## REQUIREMENT
Transcribe the listing below only from the line with "large smart TV" up to and including the line with "你是否梦想过这样的生活——打".

## INFORMATION SUPPLIED

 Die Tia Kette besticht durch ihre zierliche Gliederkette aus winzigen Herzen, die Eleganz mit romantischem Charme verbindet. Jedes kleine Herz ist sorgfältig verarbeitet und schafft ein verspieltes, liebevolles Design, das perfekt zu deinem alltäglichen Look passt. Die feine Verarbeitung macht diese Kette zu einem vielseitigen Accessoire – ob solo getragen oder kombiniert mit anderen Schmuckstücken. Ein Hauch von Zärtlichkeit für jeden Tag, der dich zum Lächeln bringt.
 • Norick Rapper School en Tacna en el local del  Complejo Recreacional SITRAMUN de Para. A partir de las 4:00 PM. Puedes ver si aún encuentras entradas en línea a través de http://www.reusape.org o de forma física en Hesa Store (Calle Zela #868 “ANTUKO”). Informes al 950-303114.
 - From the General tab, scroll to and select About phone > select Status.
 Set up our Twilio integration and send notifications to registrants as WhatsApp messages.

...

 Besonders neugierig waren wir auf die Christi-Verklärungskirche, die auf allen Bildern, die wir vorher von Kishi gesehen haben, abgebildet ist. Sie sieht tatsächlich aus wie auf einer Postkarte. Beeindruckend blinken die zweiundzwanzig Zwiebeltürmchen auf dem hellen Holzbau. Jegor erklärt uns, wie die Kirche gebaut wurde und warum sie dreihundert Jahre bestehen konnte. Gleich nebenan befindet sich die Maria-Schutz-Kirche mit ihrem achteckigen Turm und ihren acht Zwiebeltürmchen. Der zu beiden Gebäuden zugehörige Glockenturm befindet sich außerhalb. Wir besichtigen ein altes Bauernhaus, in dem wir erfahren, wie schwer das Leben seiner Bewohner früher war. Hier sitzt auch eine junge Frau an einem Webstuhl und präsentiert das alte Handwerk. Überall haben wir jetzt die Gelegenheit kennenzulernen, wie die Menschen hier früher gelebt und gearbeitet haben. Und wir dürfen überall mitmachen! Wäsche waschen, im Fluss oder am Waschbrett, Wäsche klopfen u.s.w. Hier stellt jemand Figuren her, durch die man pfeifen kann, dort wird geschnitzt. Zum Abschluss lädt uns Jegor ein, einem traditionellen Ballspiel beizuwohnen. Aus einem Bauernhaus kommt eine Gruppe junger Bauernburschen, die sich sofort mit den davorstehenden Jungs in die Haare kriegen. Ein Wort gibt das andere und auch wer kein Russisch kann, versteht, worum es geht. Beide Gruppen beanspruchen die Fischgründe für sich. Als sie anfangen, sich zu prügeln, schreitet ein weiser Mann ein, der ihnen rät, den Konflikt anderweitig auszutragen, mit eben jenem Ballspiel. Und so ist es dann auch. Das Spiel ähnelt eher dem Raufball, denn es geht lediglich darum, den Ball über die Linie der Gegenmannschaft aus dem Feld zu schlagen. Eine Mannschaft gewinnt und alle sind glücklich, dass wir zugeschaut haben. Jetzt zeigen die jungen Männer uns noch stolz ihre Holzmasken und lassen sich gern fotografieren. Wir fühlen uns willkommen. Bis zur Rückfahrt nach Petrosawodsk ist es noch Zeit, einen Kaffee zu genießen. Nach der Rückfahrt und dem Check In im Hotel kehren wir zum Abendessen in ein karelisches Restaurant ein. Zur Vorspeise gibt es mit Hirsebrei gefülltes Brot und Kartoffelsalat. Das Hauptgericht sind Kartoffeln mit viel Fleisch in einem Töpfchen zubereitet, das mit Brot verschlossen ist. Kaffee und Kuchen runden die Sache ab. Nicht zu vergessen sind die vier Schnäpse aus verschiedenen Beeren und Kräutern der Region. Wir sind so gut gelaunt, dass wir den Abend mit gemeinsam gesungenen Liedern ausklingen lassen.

...

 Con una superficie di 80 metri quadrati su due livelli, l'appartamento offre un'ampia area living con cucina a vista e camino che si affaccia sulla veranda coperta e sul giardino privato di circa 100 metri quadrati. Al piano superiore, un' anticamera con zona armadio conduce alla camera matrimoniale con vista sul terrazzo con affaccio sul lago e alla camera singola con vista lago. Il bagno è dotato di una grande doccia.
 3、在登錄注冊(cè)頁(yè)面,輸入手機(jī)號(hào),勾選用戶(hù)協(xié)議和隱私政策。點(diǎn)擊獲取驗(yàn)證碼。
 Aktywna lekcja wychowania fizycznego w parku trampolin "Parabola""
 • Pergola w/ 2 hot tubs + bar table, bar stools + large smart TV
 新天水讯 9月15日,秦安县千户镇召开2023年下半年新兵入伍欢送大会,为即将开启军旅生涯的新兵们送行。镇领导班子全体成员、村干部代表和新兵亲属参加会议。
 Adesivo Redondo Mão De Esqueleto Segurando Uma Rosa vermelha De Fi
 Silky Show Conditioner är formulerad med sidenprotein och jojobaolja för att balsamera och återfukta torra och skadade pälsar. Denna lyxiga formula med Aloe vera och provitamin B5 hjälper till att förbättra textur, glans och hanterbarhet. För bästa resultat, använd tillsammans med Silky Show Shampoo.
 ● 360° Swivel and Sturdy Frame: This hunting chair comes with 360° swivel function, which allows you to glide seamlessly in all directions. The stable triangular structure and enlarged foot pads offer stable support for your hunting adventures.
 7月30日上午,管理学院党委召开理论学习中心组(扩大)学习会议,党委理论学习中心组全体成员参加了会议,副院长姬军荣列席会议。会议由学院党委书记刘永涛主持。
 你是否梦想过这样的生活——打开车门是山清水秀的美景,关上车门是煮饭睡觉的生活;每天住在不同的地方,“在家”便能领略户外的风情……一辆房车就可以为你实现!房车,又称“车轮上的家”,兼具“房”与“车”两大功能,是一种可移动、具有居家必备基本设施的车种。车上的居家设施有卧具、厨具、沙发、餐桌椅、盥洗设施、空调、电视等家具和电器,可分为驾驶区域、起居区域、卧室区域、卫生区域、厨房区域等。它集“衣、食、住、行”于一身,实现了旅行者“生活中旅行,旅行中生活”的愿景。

## EXERCISE ANSWER
 • Pergola w/ 2 hot tubs + bar table, bar stools + large smart TV
 新天水讯 9月15日,秦安县千户镇召开2023年下半年新兵入伍欢送大会,为即将开启军旅生涯的新兵们送行。镇领导班子全体成员、村干部代表和新兵亲属参加会议。
 Adesivo Redondo Mão De Esqueleto Segurando Uma Rosa vermelha De Fi
 Silky Show Conditioner är formulerad med sidenprotein och jojobaolja för att balsamera och återfukta torra och skadade pälsar. Denna lyxiga formula med Aloe vera och provitamin B5 hjälper till att förbättra textur, glans och hanterbarhet. För bästa resultat, använd tillsammans med Silky Show Shampoo.
 ● 360° Swivel and Sturdy Frame: This hunting chair comes with 360° swivel function, which allows you to glide seamlessly in all directions. The stable triangular structure and enlarged foot pads offer stable support for your hunting adventures.
 7月30日上午,管理学院党委召开理论学习中心组(扩大)学习会议,党委理论学习中心组全体成员参加了会议,副院长姬军荣列席会议。会议由学院党委书记刘永涛主持。
 你是否梦想过这样的生活——打开车门是山清水秀的美景,关上车门是煮饭睡觉的生活;每天住在不同的地方,“在家”便能领略户外的风情……一辆房车就可以为你实现!房车,又称“车轮上的家”,兼具“房”与“车”两大功能,是一种可移动、具有居家必备基本设施的车种。车上的居家设施有卧具、厨具、沙发、餐桌椅、盥洗设施、空调、电视等家具和电器,可分为驾驶区域、起居区域、卧室区域、卫生区域、厨房区域等。它集“衣、食、住、行”于一身,实现了旅行者“生活中旅行,旅行中生活”的愿景。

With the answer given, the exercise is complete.